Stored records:
::::

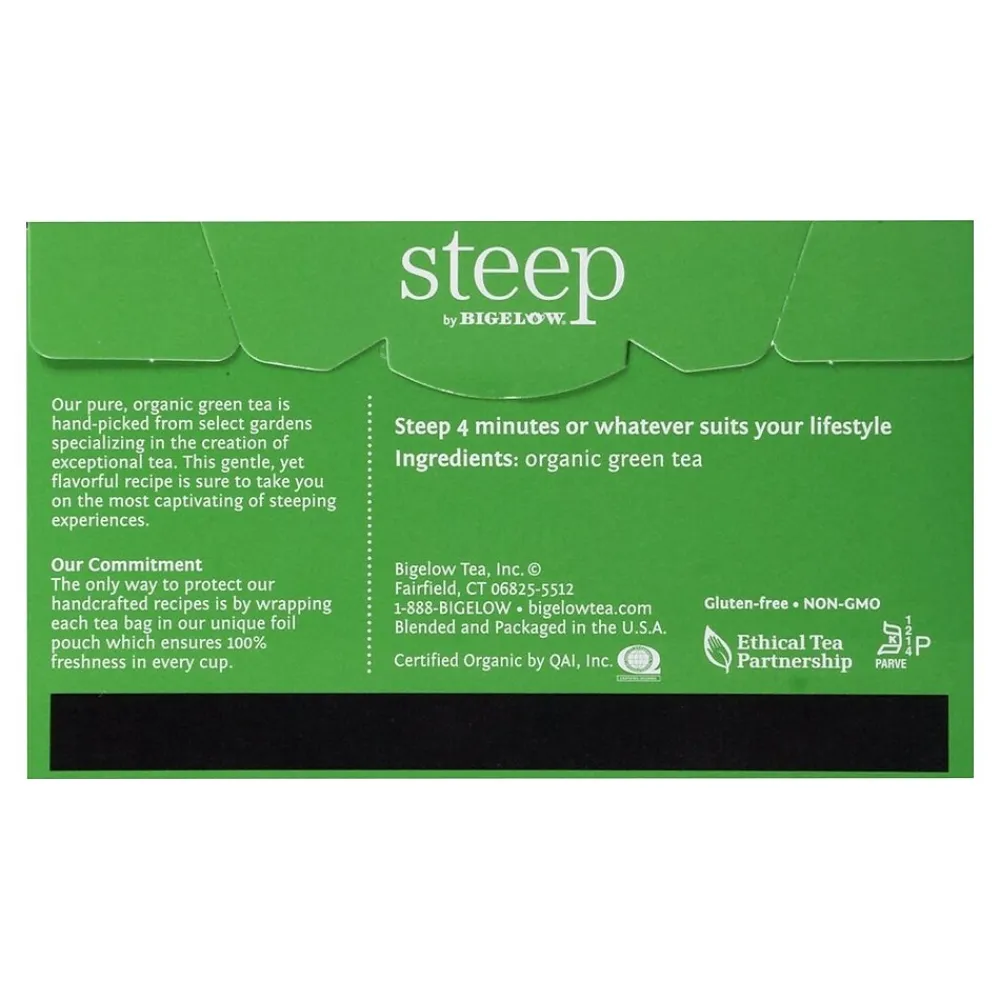 Enjoy a subtly astringent and flavorful beverage with these green tea bags. They’re made from organic, kosher and non-GMO ingredients and are gluten-free, and with 20 to a box, there’s enough for weeks of drinking enjoyment. These Steep by Bigelow tea bags are individually sealed in foil to ensure freshness.
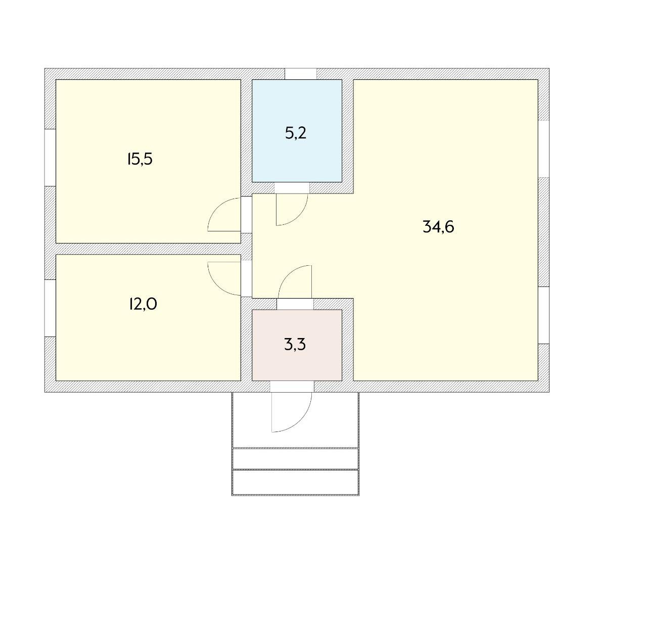 Планировка: просторная кухня, 2 большие изолированные комнаты, прихожая, санузел.
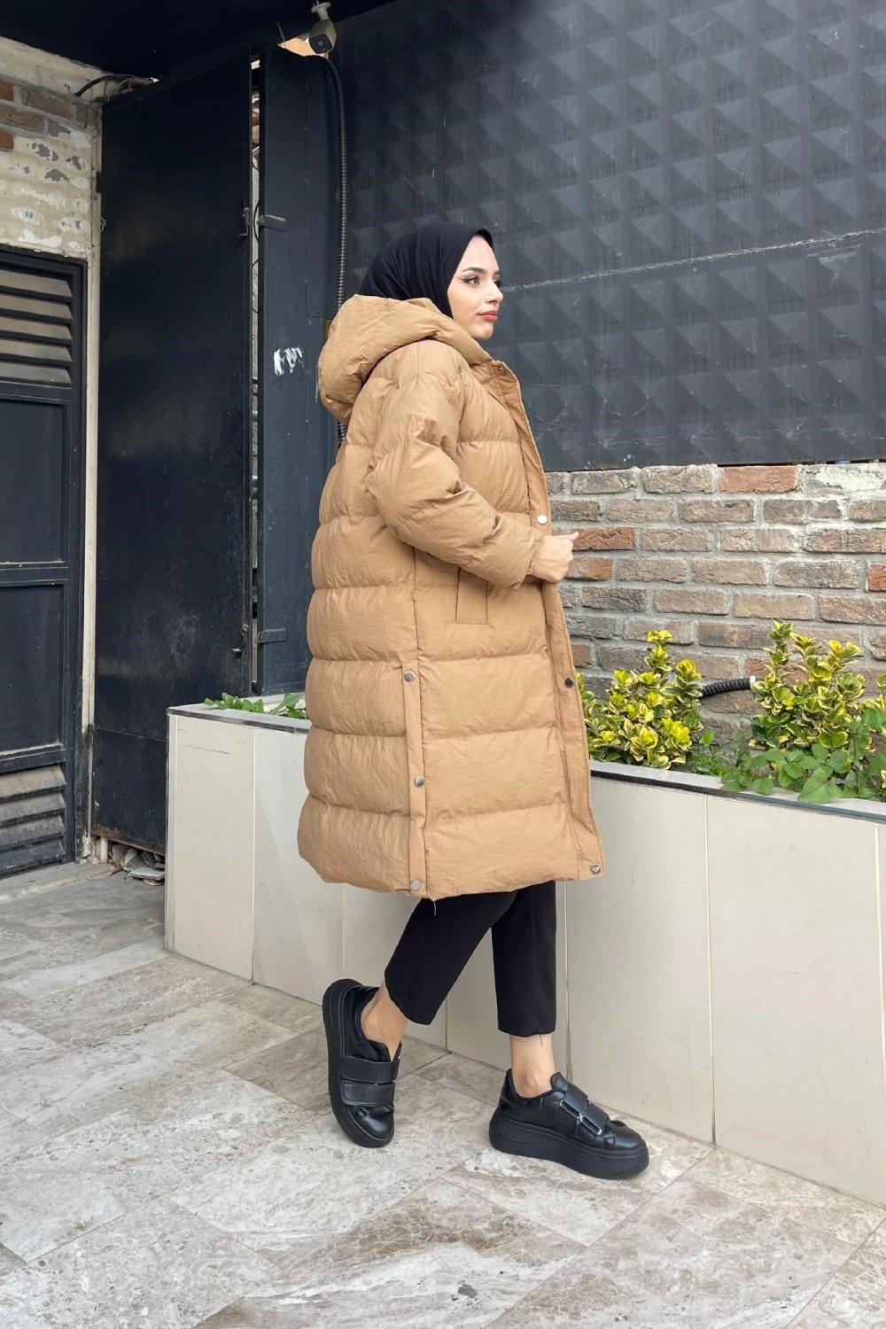 Yanı Çıtçıtlı Mont SütlüKahve
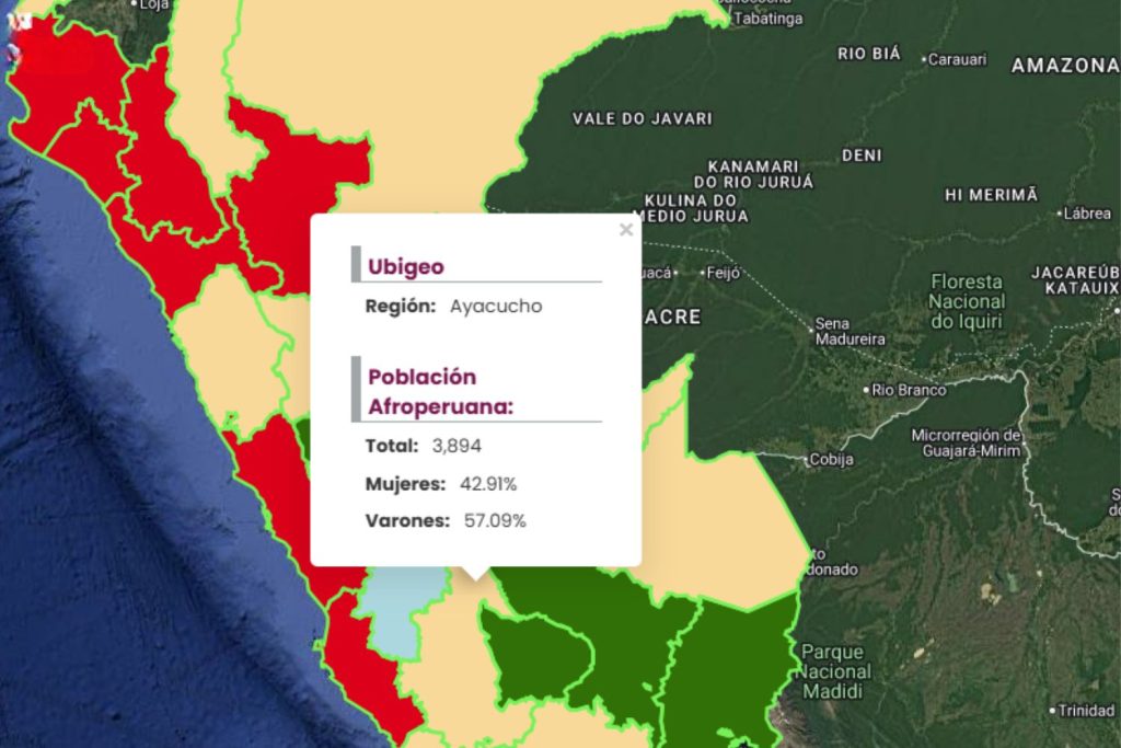 Historia: En la colonia existió esclavitud doméstica y presencia negra en haciendas, aunque en menor escala. Expresiones culturales:– Danza “negritos de Huamanga” en fiestas navideñas, vinculada simbólicamente al afrodescendiente, aunque interpretada por no afrodescendientes.– Migración reciente de población afro a zonas urbanas como Huamanga. Facebook X LinkedIn Email
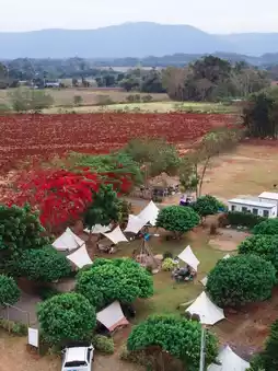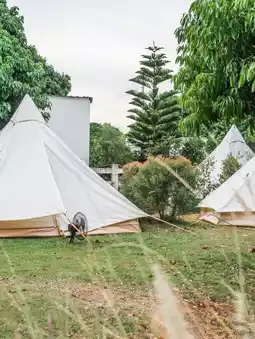 #trip takes you to fly to China, camping-style accommodation Somewhere with Someone - Khaoyai Glamping is a tent with a good atmosphere and mountain views, located in Pak Chong District, Nakhon Ratchasima Province. There is equipment for cooking, a great feel, shared bathrooms, good facilities. In the morning, there is a set of rice porridge and fried eggs. I must say that it is very delicious. Come and you will not be disappointed. You can also bring your dog here. You can bring your dog to travel. #Khao Yai #Good atmosphere accommodation #travel
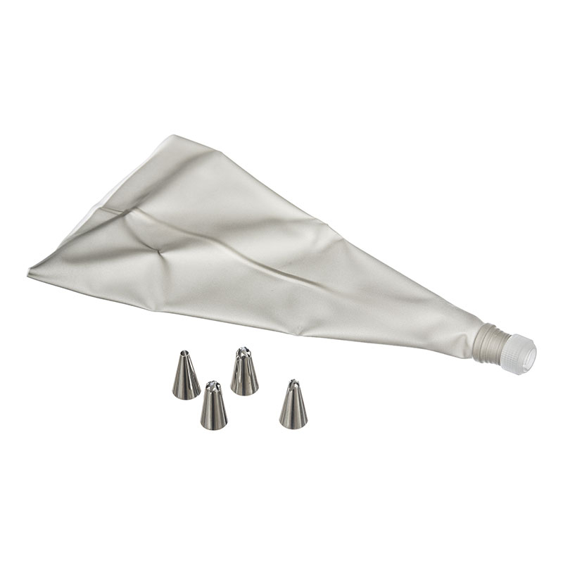 Σετ κορνέ ζαχαροπλαστικής για σαντιγί. Είναι κατασκευασμένο από εύκαμπτο πλαστικό υλικό, κατάλληλο για επαφή με τρόφιμα. Διαθέτει 4 ανοξείδωτες μύτες με διαφορετικό άνοιγμα, για να επιλέξετε την ποσότητα που θέλετε να βγάζει και να φτιάξετε υπέροχα σχέδια.
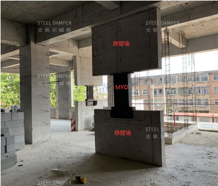 Wall connection: set a piece on the upper and lower two floors of the main structural beam concrete cantilever wall, the cantilever wall (lower) and the upper (lower) beam are rigidly connected, (upper) embedded parts and connector plates (or steel members), damping The device is welded by buried connecting plates (steel members), and connected with the cantilever wall by bolt connection.
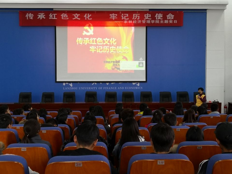 为了传承红色文化,弘扬爱国主义精神, 2018年11月27日下午,在树人楼报告厅,农林经济管理学院党委举办了“传承红色文化,牢记历史使命”主题党日活动。本次活动由甘肃省博物馆理事会理事、甘博志愿者翟乃越老师主讲,学院党委副书记曹一敏主持。农林经济管理学院全体教师、学生党员、入党积极分子、学生干部和学生代表等约300余人参加主题党日活动。
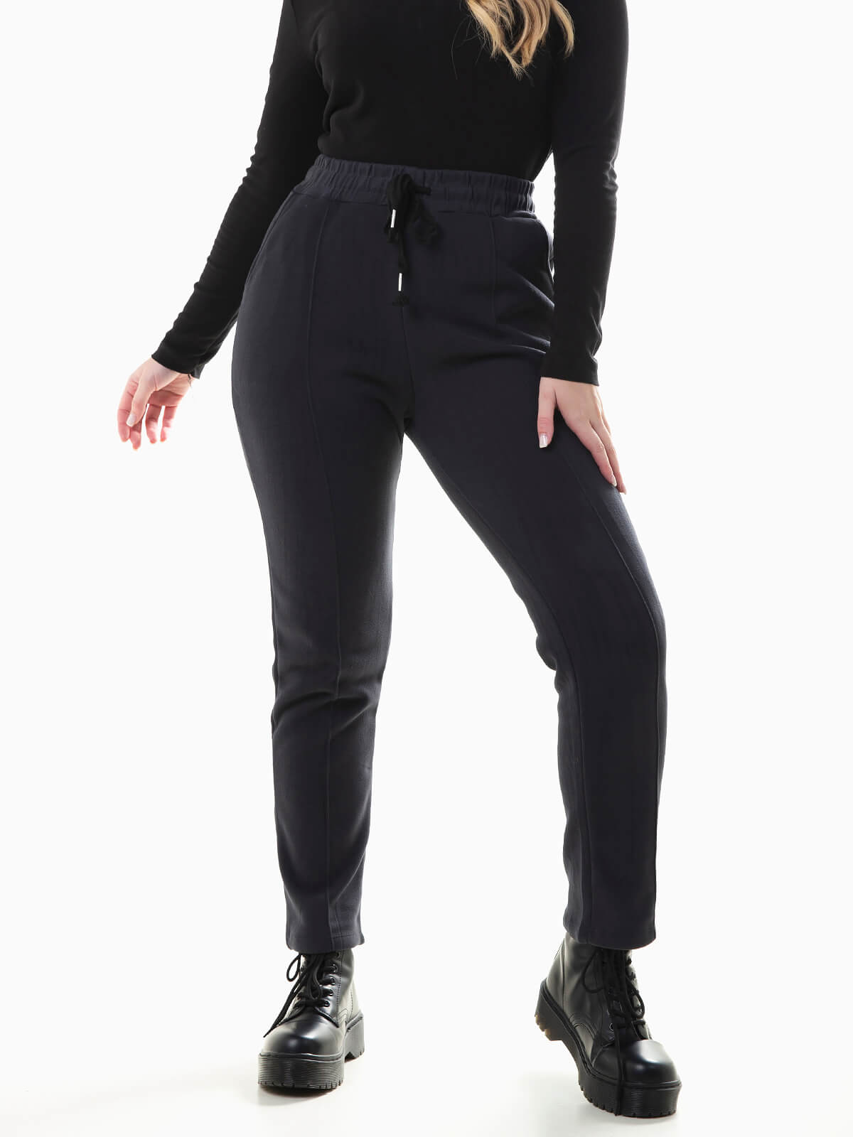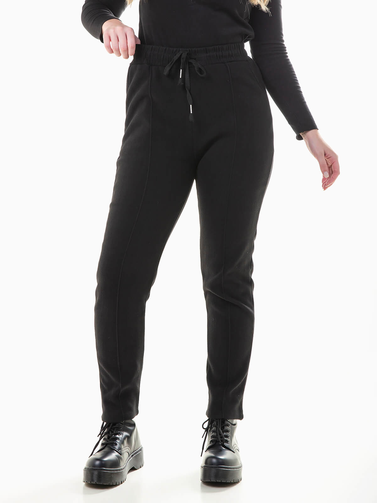 Calças polares com costuras reforçadas à frente. Calças cintura alta com cordão para ajustar e 2 bolsos. Interior polar para maior conforto térmico.
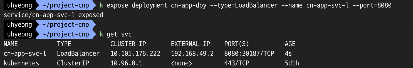- kubectl expose deployment cn-app-dpy --type=LoadBalancer --name cn-app-svc-l
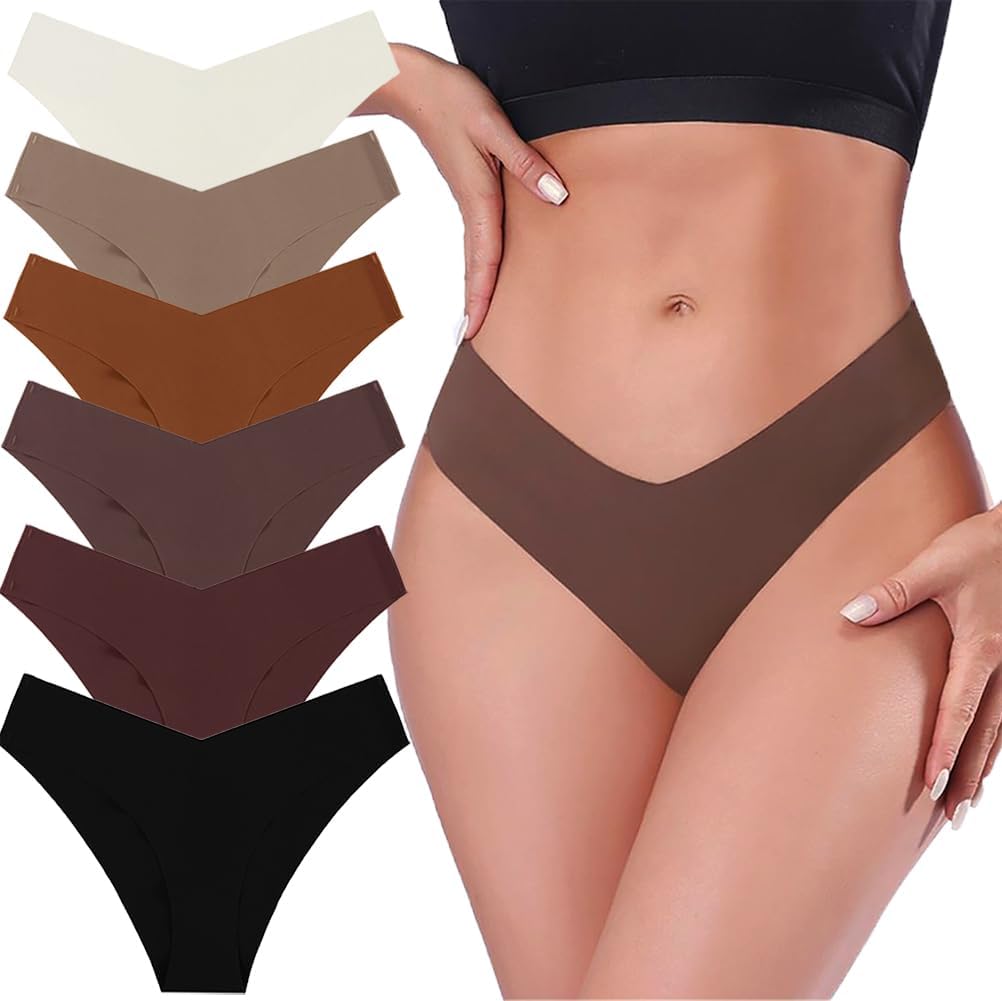 Low Rise Seamless Thongs for Women No Show Panties V-waisted Sexy Thong Ladies Underwear 6 Pack
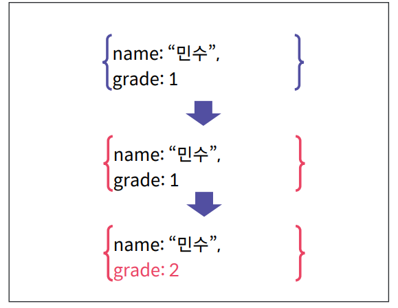- user의 grade가 변경되었지만 user의 내용을 담는 object 자체가 변경된 것은 아니다.

::::

WHAT IS EXPECTED —
Exactly the lines from the one containing "Low Rise Seamless" through the end of the data above: repeat those, both ends included, and nothing else. Skip the pictures.

EXERCISE OUTPUT —
 Low Rise Seamless Thongs for Women No Show Panties V-waisted Sexy Thong Ladies Underwear 6 Pack
- user의 grade가 변경되었지만 user의 내용을 담는 object 자체가 변경된 것은 아니다.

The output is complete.